Q2 '23 Earnings Preview

Peraso (PRSO) reports Q2 ’23 results after the close next Monday, August 14. We expect the print to be largely in line with our projections, which are slightly above consensus. Recall that management refrained from providing guidance for the quarter due to uncertainty over the timing and revenue recognition surrounding two potentially significant transactions. As such, both our estimates and the Street’s reflect expectations that the inventory correction affecting the semiconductor industry reduced revenue on a sequential basis while leaving room for upside in the event Peraso secured one or more of the aforementioned opportunities. Our Q2 estimates include revenue of $4.5 million, adjusted EBITDA of $(1.7) million and non-GAAP EPS of $(0.08), slightly above consensus of $4.3 million, $(1.9) million, and $(0.10), respectively. We assume gross margin declines slightly on a sequential basis due to a lower mix of memory sales, while operating expenses also moderate as Peraso realizes the full benefit of cost actions taken earlier in the year.

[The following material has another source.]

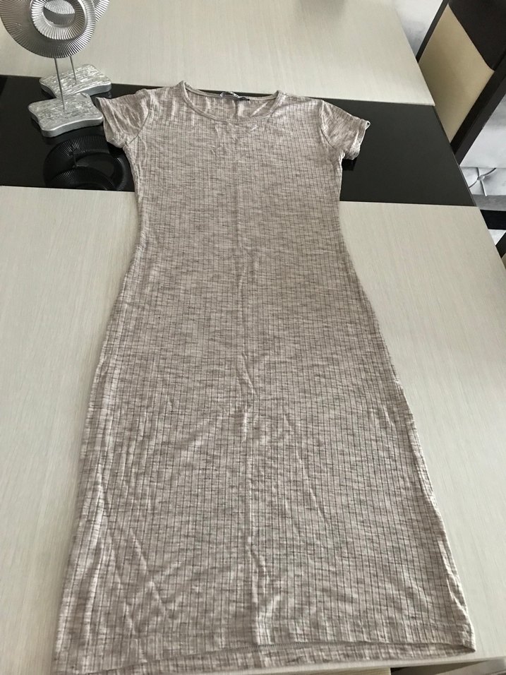 Gri sentetik kumaştan, kısa kollu, V yakalı ve pileli detaylı, vücuda oturan uzun elbise.Kusuru var fotoğrafladım alıcısının bilgisine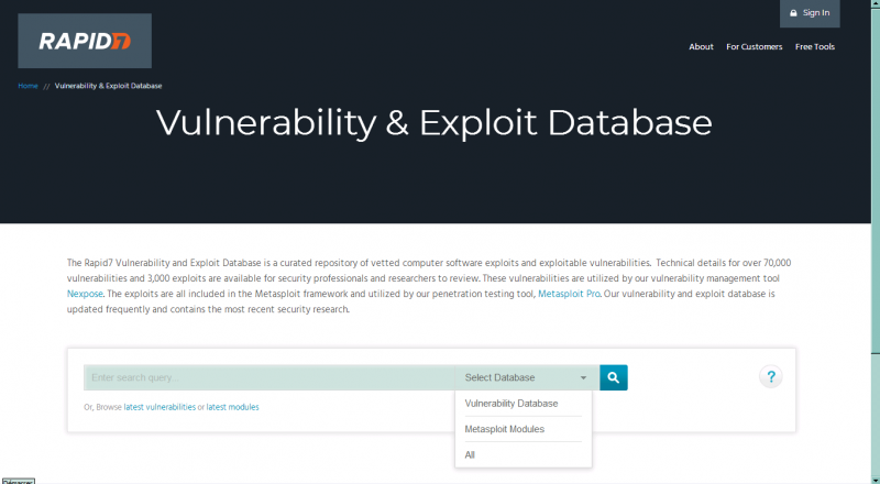 En effet, avant d’exploiter une quelconque faille de sécurité, il faut bien évidemment effectuer un scan de vulnérabilités. Une fois ce précieux rapport entre nos mains, on peut alors chercher à en exploiter un des éléments. Pour cela rien de mieux que d’interroger la base mise à disposition sur le site Rapid7 ci-dessous :

Exhibit I: Our Estimates Versus Consensus

Sources: K. Liu & Company LLC; FactSet Estimates

Since June, Peraso has announced product wins with Tachyon Networks, Jaguar Wave and Zinwell, demonstrating its technological leadership and share gains in the market for 60GHz mmWave solutions. Although it is unclear if any of these wins were among the more significant opportunities previously referenced, the continued traction leaves us comfortable with our estimates for Q2. As for the outlook, we surmise that the near-term will remain clouded by the combination of inventory correction headwinds and uncertainty over the timing and contribution from the larger deals in the pipeline. As such, we assume management may again opt for more qualitative than quantitative guidance for Q3. Regardless, we continue to believe the Peraso is poised for much stronger results in Q4 and beyond driven by momentum in the 60GHz market, a pull-forward in demand for its memory products and further conversion of its robust pipeline. Our price target remains $1.25 based on a FY ’23 EV/Sales multiple of 2x.

Our report with model and disclosures is available here.

Disclosure(s):

K. Liu & Company LLC (“the firm”) receives or intends to seek compensation from the companies covered in its research reports. The firm has received compensation from Peraso Inc. (PRSO) in the past 12 months for “Sponsored Research.”

Sponsored Research produced by the firm is paid for by the subject company in the form of an initial retainer and a recurring monthly fee. The analysis and recommendations in our Sponsored Research reports are derived from the same process and methodologies utilized in all of our research reports whether sponsored or not. The subject company does not review any aspect of our Sponsored Research reports prior to publication.